Arca canta con una voce inaspettata, genuina e profonda, modulata in una maniera molto vicina alla forma classica che richiama alla mente la drammaticità liturgica dei canti gregoriani e quella tragica del teatro greco. Canta in spagnolo, omaggiando la lingua del paese in cui è cresciuto, e cita le tonadas dell’icona popolare venezuelana Simón Díaz. In “Reverie” riprende il testo di “Caballo Viejo” catturando la forza dell’indeterminatezza dell’amore che “arriva in questo modo”: spetta a chi ascolta decidere quale sia il modo più intenso e più cruento in cui si può essere sconvolti dall’amore. Allo stesso modo si lascia all’ascoltatore la libertà di interpretare gran parte della produzione, spiegando così il senso dei rumori che oramai caratterizzano la musica di Ghersi. I rumori sono svincolati dai codici, sono liberi e totalmente personali. La bellezza di un rumore la si può trovare solo dentro di sé.
Le parole non sono quasi mai scritte, il canto è improvvisato e mai manipolato. Si percepiscono i respiri, si sente deglutire e, in “Coraje”, la voce si rompe irrimediabilmente. Nulla viene mascherato, i limiti umani, lo sforzo e la sofferenza sono inclusi con la stessa dignità degli accordi di piano. Sia lodato il giorno in cui durante un viaggio in macchina Bjork, amica e musa, lo ha invitato ad usare la voce.

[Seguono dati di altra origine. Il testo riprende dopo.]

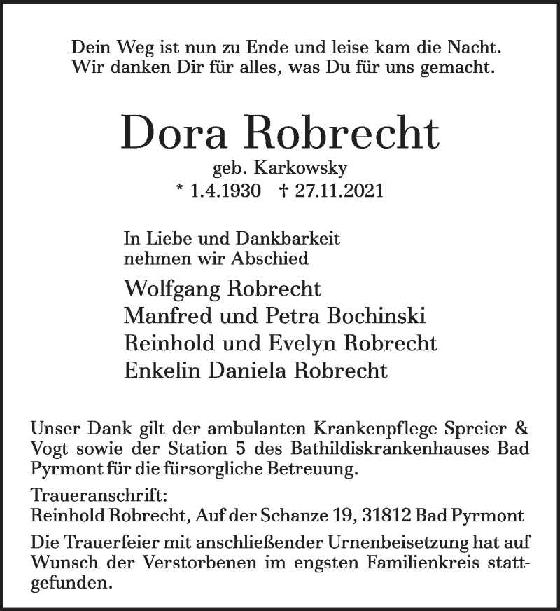 Hier finden Sie alle Traueranzeigen aus der Zeitung, die bisher für Dora Robrecht erschienen sind. Weitere Traueranzeigen, die in der Zeitung erscheinen, werden hier ebenfalls aufgelistet

È un lavoro su se stesso quello che compie Arca nel momento in cui si trattiene dal manipolare le imperfezioni e sceglie di accettarle, di perdonare i propri difetti e di estrarne la tenerezza per trasformarli in piacevolezza. È una presa di coscienza che passa attraverso la necessità di rilassare la parte critica del cervello, di ammorbidire la tendenza nevrotica al giudizio. La crescita avviene esponendo ciò di cui si ha vergogna.
Ne risulta una produzione quantomai dolce, languida e delicata pur nella sua violenza, nel suo lacerante patimento.
L’alieno umanoide di “Mutant”, un essere senza genere, senza tempo e senza luogo che fagocitava caoticamente la musica in tutti i suoi generi e forme e ne restituiva una produzione caotica e “difficile”, ha ceduto il posto ad un essere umano fragile e carnale, che ha ridimensionato la sua sperimentazione per imboccare la via di un’esplorazione intima, localizzabile nel tempo (il passato) e nello spazio (il suo Venezuela).
“Arca” è un capolavoro che allieta e disturba al tempo stesso, è un disco che vuole essere ascoltato e riascoltato, è una preghiera rivolta alla natura animale dell’uomo, è una celebrazione all’unicità del tormento sublimato dalla grazia, è un inno all’umanità. Per chi scrive, è il disco dell’anno.